- _WHAT THE EXERCISE ASKS_: Only the lines below from the one with "Visite de l'état" through the one with "Vodotěsný a prachotěsný podle IP 67." are to be written out, exactly and without any images.

- _AVAILABLE DATA_:

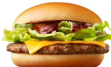
バーベキューポークバーガー
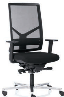
R14 3060 EB
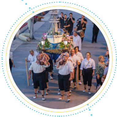
Mare de Déu Blanqueta
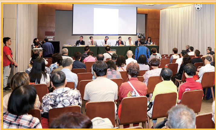
會員專心聆聽會議內容
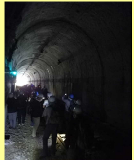
碓氷峠廃線ウォーク
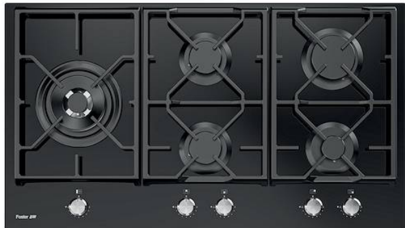
Table de cuisson Power Glass
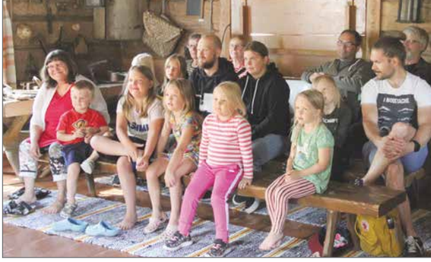
Innostunut ja välillä hieman jännittynyt yleisö eli tarinoiden mukana.

säästy monelta juoksuaskeleelta näyttämötilan rajallisuuden vuoksi.
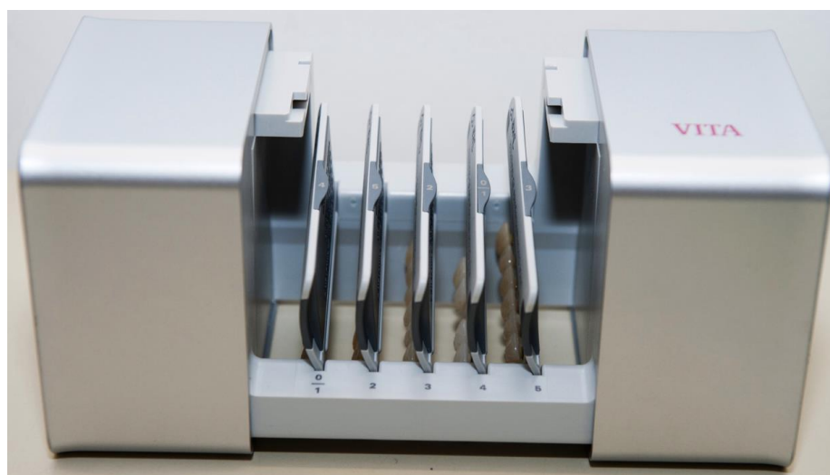
Slika 5. 3D Master linearni ključ boja

Sastoji se od šest pločica na kojima se nalazi određen broj zuba, što također ubrzava postupak, ali istodobno sprječava zamor oka jer stomatolog, prateći protokol, ne mora gledati sve zube nego samo odabrane (27). Dolazi u plastičnoj kutiji tako da su primjerci boja u njemu zaštićeni od utjecaja svjetla (slika 5).
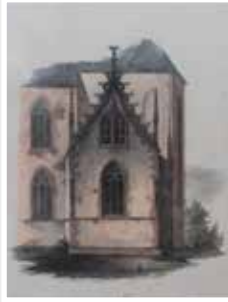
Kiedrich St. Valentin um 1850
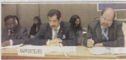
السفير عبدالله عبدالطيف مخرسا وفد الترويكا

تقدم به، ولدى السفير البحريني على ما توليه المملكة العربية السعودية من اهتمام بالتعليم وتوفير فرص التعليم للجميع سواء ورجالا على سواء وفي جميع مراحلها بالمجان، ايمانا منها بان التعليم هو اعم الابدان التي تضمن الفهم والمتعمق والعمل بحقوق الإنسان، الامر الذي انعكس في التطور الاجتماعي والاقتصادي والنقابي، كما وتقدم عبدالله عبد الطيف عبدالله السفير البحريني بالتوصيات التالية: 1. الاندماج بمبادرات المملكة العربية السعودية التي تهدف إلى تعزيز الحوار وإضاعة روح التسامح بين ثقافة الشعوب. 2. تشجيع المفكرة على تعزيز وتوسيع تجربتها الساجحة فيما يتعلق بإعادة تأهيل المتهمين والمستهجنين في قضايا الإرهاب، بحيث يتمثل التسامح بين الثقافات الإنسانية 3. فتح المملكة على سرعة إصدار مشروع نظام الجمعيات والمؤسسات الأهلية وبضمن أحكامها تسهيل عمل تلك الجمعيات والمؤسسات وسماحها على اداء مهامها بفعالية واستقلال.
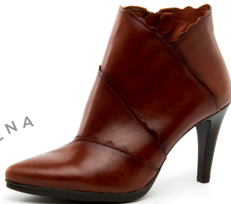
SARA 29 Diana
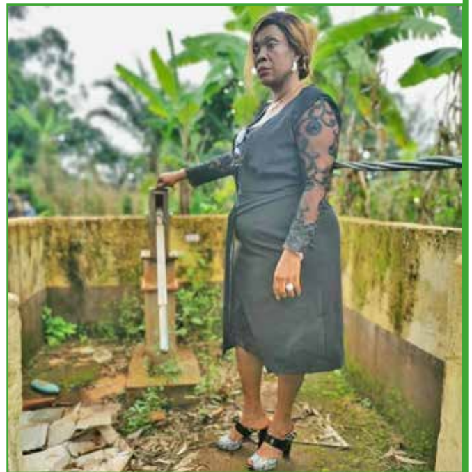
Visite de l'état des infrastructures en eau. Forage a PMH du complexe scolaire de Bamelo
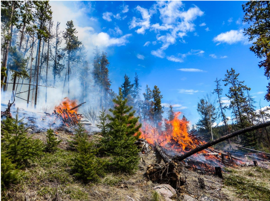
Was bewirkt Feuer im Wald?

Donnerstag, 25. April 2019, Zone industrielle Rondchâtel, Péry
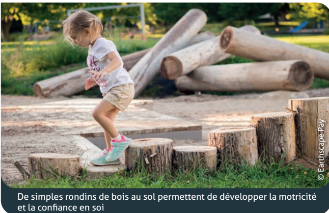
De simples rondins de bois au sol permettent de développer la motricité et la confiance en soi
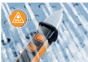
Vodotěsný a prachotěsný podle IP 67.

Bezkontaktní indikátor napětí s rozsahem napětí až do 1 000 V je vhodný především pro rychlou kontrolu všech podezřelých zdrojů poruch. Pokud je zaznamenána přítomnost střídavého elektrického napětí, testo 745 vydá jasný optický a akustický signál. Za účelem zvýšení spolehlivosti je testo 745 vybaveno filtrem, který blokuje vysokofrekvenční interferenční signály.
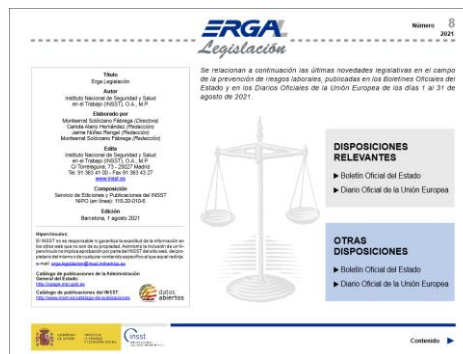
ERGA legislación Nº8 INSST

El Instituto de Salud Pública y Laboral de Navarra (ISPLN) no se hace responsable de los contenidos de los artículos y noticias publicadas, las cuales han sido obtenidas tal y como aparecen en sus correspondientes páginas web, sin modificaciones ni añadidos, citando su procedencia. Si desea realizar cualquier consulta, sugerencia o no quiere recibir más información de este remitente, puede contactar con el ISPLN en el correo electrónico ispln.ufii@navarra.es
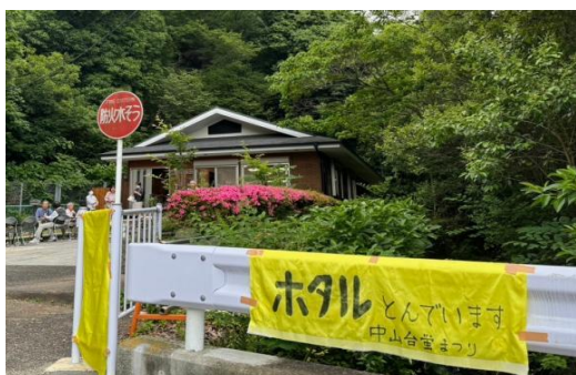
ほっこりハウスを見守る

ことしも中山台自治会が6月6日（土）19時頃から、このほっこりハウスでホタル鑑賞する「ホタルのタベ」を開催し、200人ほどの子供や住民たちが訪れました。また近隣の高齢者福祉施設「中山ちどり」に居住されているお年寄りも招待されました。みなさん手のひらに止ったホタルに、「わー、きれい！」と、歓声をあげていました。

- _SOLUTION TO THIS TASK_:
Visite de l'état des infrastructures en eau. Forage a PMH du complexe scolaire de Bamelo
Was bewirkt Feuer im Wald?

Donnerstag, 25. April 2019, Zone industrielle Rondchâtel, Péry
De simples rondins de bois au sol permettent de développer la motricité et la confiance en soi
Vodotěsný a prachotěsný podle IP 67.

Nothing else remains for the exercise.